According to O’Neil, an algorithm goes full WMD when it has widespread (used often), mysterious (poorly understood outside of technician circles) and destructive (do recordable damage to people’s lives) results.
While these biases are not intentional in most cases, because they reflect the state of an organization and a desired outcome, the usage of these algorithms can perpetuate decision making that may not always be in the best interests of consumers or businesses and, in fact, sometimes not even the institution itself.
DeCosmo said that this is a very valid concern but that there are things that can be done on the front end through sampling methodologies and other approaches to make sure a company is not introducing bias into models when they are built.
On the back end, he noted, there can also be good controls put in place to make sure that the result doesn’t start to generate some unintended bias as well.
The biggest takeaway is that these models need tests and controls, on both the front and back end, to ensure the decisioning is balanced. As models become more machine learning–driven and automated, the kind of tests performed on a scheduled basis now will need to be done more frequently, he added.
“You need to be monitoring your models to make sure that your model is not picking up some underlying bias that is now being institutionalized into the model through a machine learning algorithm,” DeCosmo explained.
By placing good monitoring and controls in the process and ensuring they are taking place on an ongoing basis, companies can be confident that they are using a well-built model that makes a decision, takes it out of a subjective process and makes it more of an objective decision.
This also enables more controls over that process and the ability for a company or a third-party provider to make sure the model is built in a way that doesn’t incorporate bias at the beginning and then doesn’t begin to be biased over time.

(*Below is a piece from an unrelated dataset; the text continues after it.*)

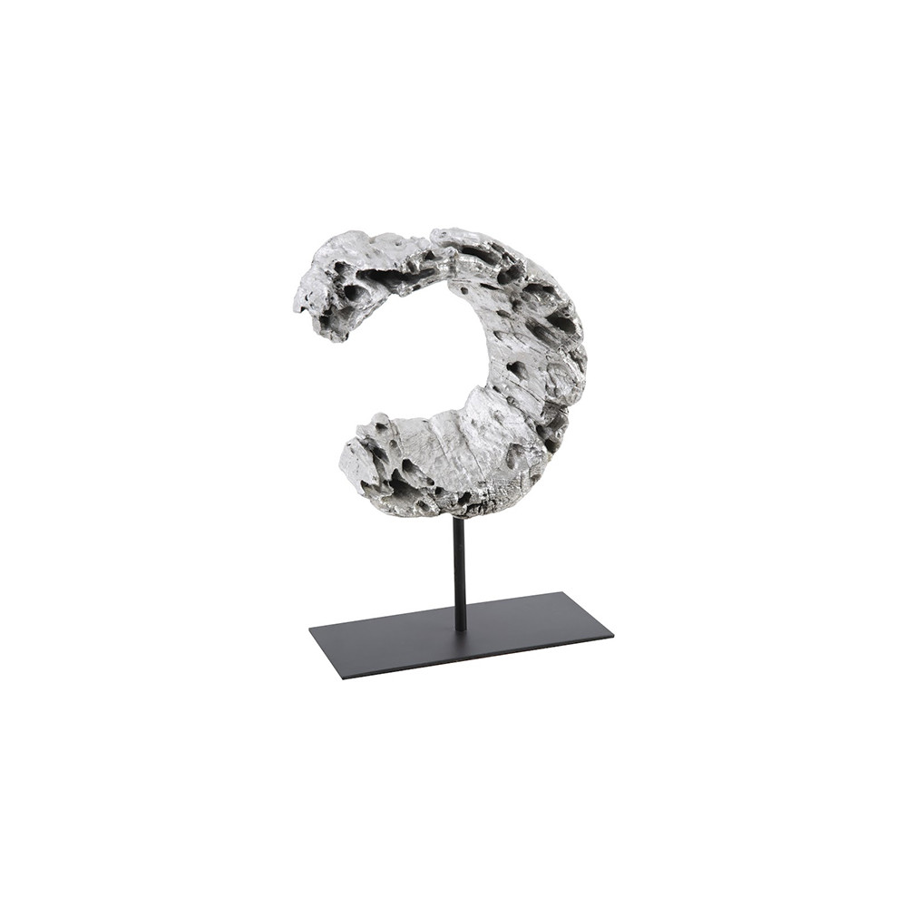 Enjoy the Cast Eroded Wood Circle on Stand in your home today! Bring an immediate sense of seriousness to a room with the Cast Eroded Wood Semi-Circle Sculpture. Though it is made of composite, it imitates a relic so convincingly, it could have been pulled from the smoky ruins of a bygone volcano. The mix of silver leaf and black finishes help amplify this ruse, which reflects the ethos that Phillips Collection personifies: modern organic. We offer a similar shape in this collection of table sculptures and several wall tiles, as well. Disclaimer: The silver leaf finish applied to our products is known for its luxurious metallic appearance. However, this finish can be susceptible to scratching if not handled carefully. Silver leaf is a delicate material; abrasions may occur during routine use or contact with abrasive surfaces. To maintain the pristine condition of your silver leaf-finished items, we strongly recommend using coasters or protective pads when placing objects on the surface. These coasters act as a safeguard, minimizing the risk of scratches and preserving the beauty of the silver leaf finish. While we strive to provide durable and high-quality finishes, it's important to acknowledge that any abrasive or sharp objects in contact with the surface may lead to unintentional damage. Therefore, please be careful and follow proper care guidelines to ensure the longevity of your silver leaf-finished products.

“With algorithmic-driven decisioning, you still get better, more objective and more consistent decisions, but they take work,” DeCosmo emphasized.
With the need for consistent and constant monitoring of the model and its outputs, there’s no longer any room for putting a model in place and forgetting it, he added.
What’s Next In AaaS?
Whether that decision flow is around marketing, credit risk, customer operations and retention, etc., he said the AaaS can be used to optimize those decisions.
The company has also found a need for this service across all types of industries, including banking, telecommunications and insurance.
DeCosmo noted that the insurance industry in particular in being disrupted by a number of startups on both the brokerage and carrier side that are doing interesting things online. Traditional providers as well as new entrants are looking for ways to be more efficient and automated with the way they interact with customers.
“The analytics and the data is just one piece of it — the decision flow and the hosting of that decision flow to make it available through APIs and render an automated real-time decision is really key,” he explained.